Saturday, 22 March 2008

I have to stop reading radical feminist writing. I consider myself a feminist, but with two caveats:

1) Some of my best friends are men. The vast majority of the men I see every day are kind, hard-working, intelligent people who respect women. In my world at least, hooting fratboys or growling wifebeaters or crazy fundies are outnumbered 10 to 1 by ordinary Joes doing the best they can to be decent people.

2) Call me a rich white het cis privilegebunny, but I don't feel very oppressed. Sometimes insulted, sometimes worried, sometimes concerned for the oppression of people in other places, but in my own life I just don't feel the boot on my neck. At work, at school, socially, nobody acts like I'm less than human or tries to enforce the Patriarchy on me directly. For me, in my daily life, I don't feel like being female is difficult or painful.

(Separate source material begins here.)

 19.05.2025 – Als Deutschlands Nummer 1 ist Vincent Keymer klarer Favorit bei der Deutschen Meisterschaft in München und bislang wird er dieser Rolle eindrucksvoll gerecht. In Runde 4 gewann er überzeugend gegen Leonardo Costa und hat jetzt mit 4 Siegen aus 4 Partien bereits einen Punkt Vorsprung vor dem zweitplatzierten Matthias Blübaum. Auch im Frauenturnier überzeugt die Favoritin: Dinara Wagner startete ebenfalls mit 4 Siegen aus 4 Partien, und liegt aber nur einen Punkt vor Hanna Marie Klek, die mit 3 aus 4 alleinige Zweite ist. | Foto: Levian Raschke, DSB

So... my reactions to a lot of radical feminism tend to fall into the following narrow-minded horrible categories:

"Men aren't like that!"
"But I like sex! For me. Not because I've been brainwashed to be a pleasurebot for men, because it feels good in my vagina where I have nerves. And, yes, also emotionally, and there's nothing wrong with that."
"Oh grow some skin. Yes, that was offensive, but it didn't instantly remove all your human rights. Get some freakin' perspective."

And I go nuts when I read stuff like this:
"In a patriarchy, the cornerstone of which is a paradigm of male dominance and female submission, women do not enjoy the same degree of personal sovereignty that men do. This oppressed condition obtains a priori to all other conditions, and nullifies any presumption of fully human status on the part of women. A woman, therefore, cannot freely “consent,” because her will is obviated by her status as a subhuman."

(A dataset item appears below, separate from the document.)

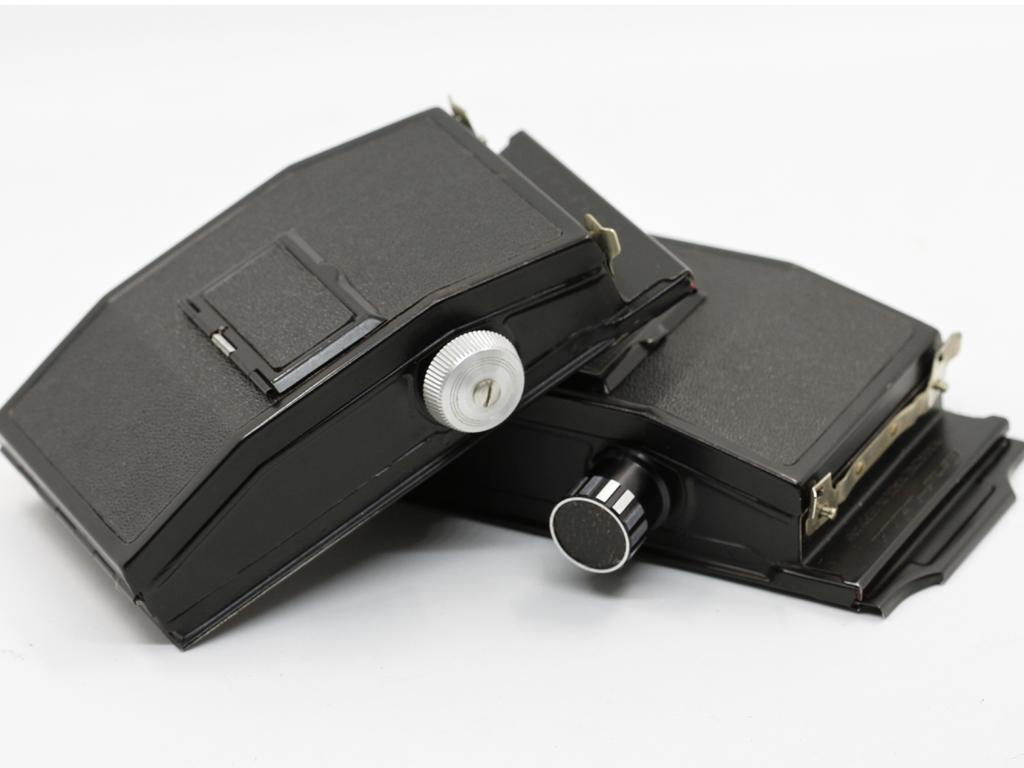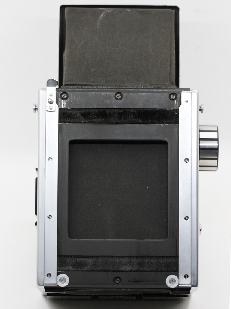 The focussing hood conforms to what most would expect, until it opens. Instead of metal you are greeted with a rubberised cloth hood which conveniently covers the viewfinder magnifier the moment the hood is opened, after which you then have to go digging for it by folding the hood half way back in again. The hood can be released by pushing down on the aforementioned tab under the name plate revealing the ground glass screen held in place by spring clips to either side. On one of my examples a fresnel screen is also fitted which improves viewing clarity immensely. However this may be an aftermarket adaptation and has not been noted on other examples, I would love to know otherwise.

I don't know what kind of women-in-chains Gor crazyworld this author is coming from, but I'm pretty damn sure that no means no, yes means yes, and throwing up your hands and screaming "we're so oppressed we can't even make decisions!" is not actually advancing the cause of female strength and independence.

In fact, it's an example of something I've seen a few times in radfem thought--going so far that they actually come full circle. You see statements like "women aren't able to give consent" and "women just want love, but men exploit it for sex," and you might as well be on the Abstinence Warriors forum--it's the same stereotyping of both men and women and unreasonable fear of sex.

I'm a feminist. I really am, dammit. Our culture is permeated with weird ideas about femininity (and masculinity!) and it desperately does need to change. But if you don't take a realistic worldview and respect the people you're trying to change, you're not getting anywhere. And if you don't have sex until we reach perfect equality, well, buddy, you're never gonna get laid.



EDIT--REQUEST FOR OPPOSING COMMENTERS: Please don't say "Strawman!" or "Radfems don't believe that!" without giving a brief skim of what you do believe on the subject. And don't say "well, we respect women and think inequality is bad," because you get a whole lot more contentious than that when you're on your own turf, and it would behoove you to defend it rather than deny it.